I have some very rudimentary code for generating a chisq test for some of the variables in the titanic dataset. I would like to have a way to differentiate categorical vs numeric/cont variables, so it would only do the chisq test on the categorical variables or t.tests if there were to be numeric variables.
I'm interested in being able to compare multiple levels between the Survived and Not-Survived groups like so:
Prop Survived Female vs Prop Not-Survived Female, Prop Survived Class 1 vs Prop Not-Survived Class 1, And so on..

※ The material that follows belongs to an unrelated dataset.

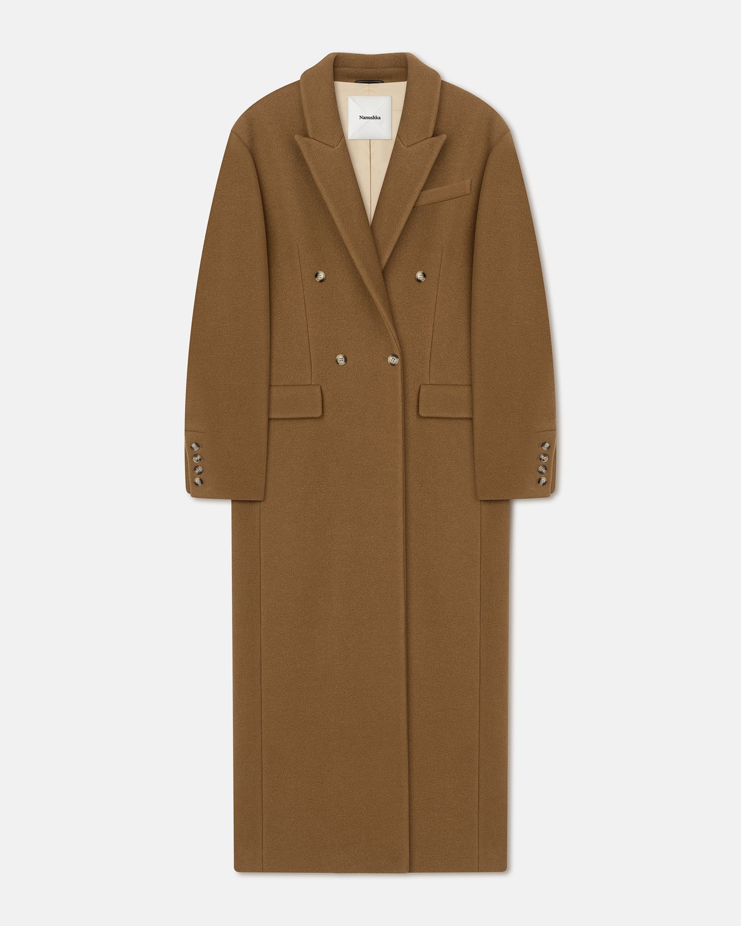 The Ferris coat is made from soft and substantial felted wool, and cut to an oversized double-breasted silhouette that falls right to the floor. With notched lapels, discreet pockets and rich walnut tone, it’s a contemporary piece to treasure forever. Fit Standard fit, matches usual sizing. Materials and Care Shell: 75% Wool 25% Polyamide Do not wash, do not bleach, do not tumble dry, iron low heat (110°), dry clean any solvent except trichloroethylene handle with care to ensure garment lifespan. repair or resell to support circular fashion.
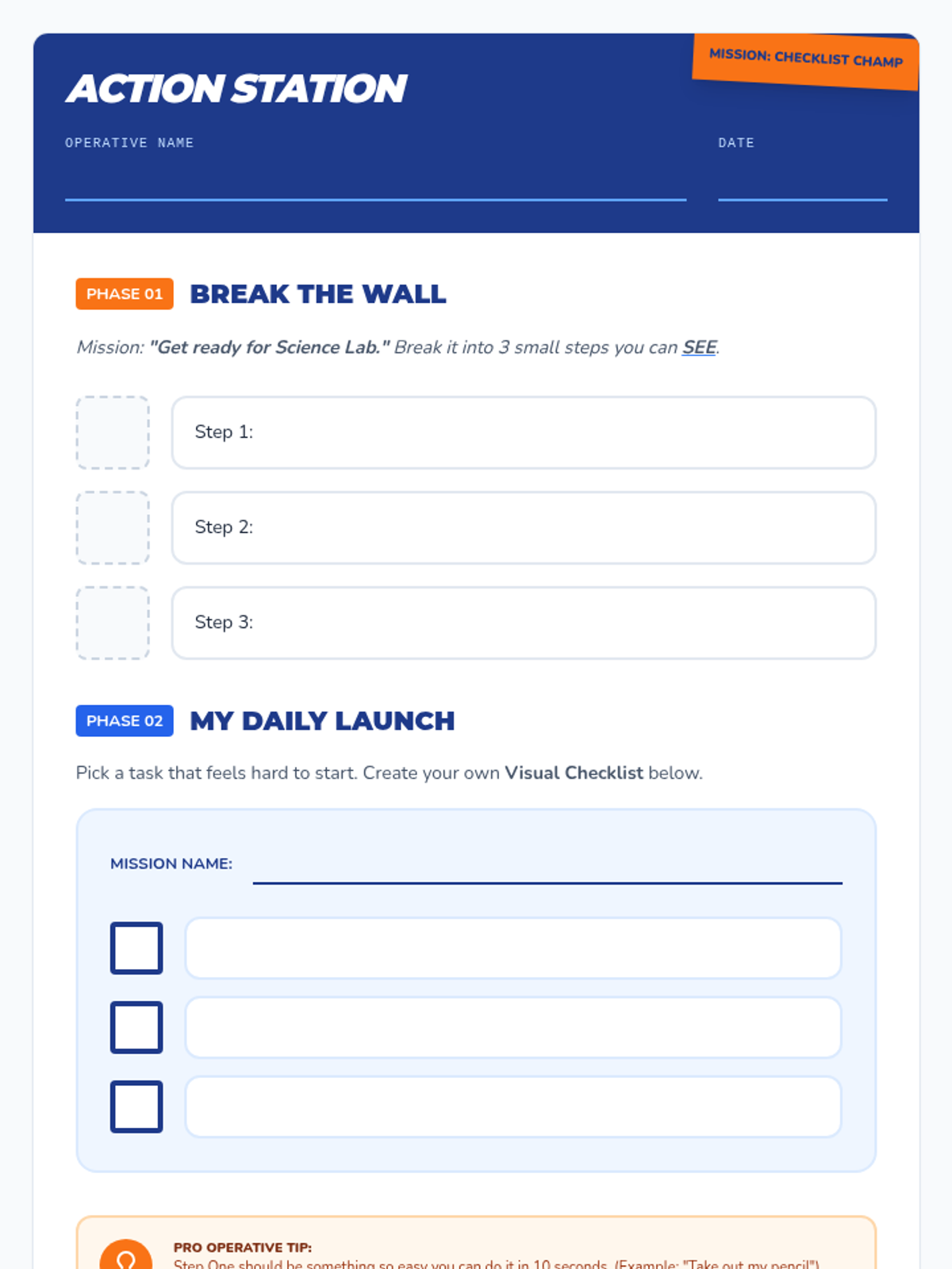 A student worksheet with interactive activities for breaking down complex tasks and designing a personalized visual checklist to improve task initiation.

The table subsets are directed for The Survived/Not-Survived Female comparison
library(Titanic)
titanic <- as.data.frame(Titanic)
names <- names(titanic)
names(cars)
for (var in names) {
tabla<-table(titanic$Survived, titanic[[var]])
tabla<-addmargins(tabla)
print(tab)
res<-prop.test(x = c(tabla[1,2], tabla[2,2]), n = c(tabla[1,3], tabla[2,3]), correct = F)
print(var)
print(res)
}
}
Thank you
I would suggest you working with a function that detects the class of variable. I have sketched one function and you could modify if needed. It requires two arguments, the dataframe and the name of the variable.
library(titanic)
#Data
data("Titanic")
titanic <- as.data.frame(Titanic)
#Function
mytest <- function(data,x)
{
#Detect the type of var
if(is.numeric(data[[x]]))
{
#Build variables x and y
a <- data[[x]][data$Survived=='No']
b <- data[[x]][data$Survived=='Yes']
#Apply the test
Res <- t.test(a,b)
print(Res)
} else
{
#Create table
tab <- table(data$Survived,data[[x]])
#Split in a list of vectors
L1 <- lapply(1:ncol(tab), function(i) {tab[,i] })
names(L1) <- dimnames(tab)[[2]]
#Margins
Margins <- rowSums(tab)
#Test
L2 <- lapply(L1, function(z) {prop.test(x = z, n = Margins, correct = F)})
print(L2)
}
}
Some examples:
#Apply the function
mytest(data = titanic, x = 'Sex')
mytest(data = titanic, x = 'Freq')
Output:
mytest(data = titanic, x = 'Sex')
$Male
2-sample test for equality of proportions without continuity correction
data: z out of Margins
X-squared = 0, df = 1, p-value = 1
alternative hypothesis: two.sided
95 percent confidence interval:
-0.346476 0.346476
sample estimates:
prop 1 prop 2
0.5 0.5
$Female
2-sample test for equality of proportions without continuity correction
data: z out of Margins
X-squared = 0, df = 1, p-value = 1
alternative hypothesis: two.sided
95 percent confidence interval:
-0.346476 0.346476
sample estimates:
prop 1 prop 2
0.5 0.5
Second output:
mytest(data = titanic, x = 'Freq')
Welch Two Sample t-test
data: a and b
t = 1.013, df = 17.768, p-value = 0.3246
alternative hypothesis: true difference in means is not equal to 0
95 percent confidence interval:
-52.38066 149.75566
sample estimates:
mean of x mean of y
93.1250 44.4375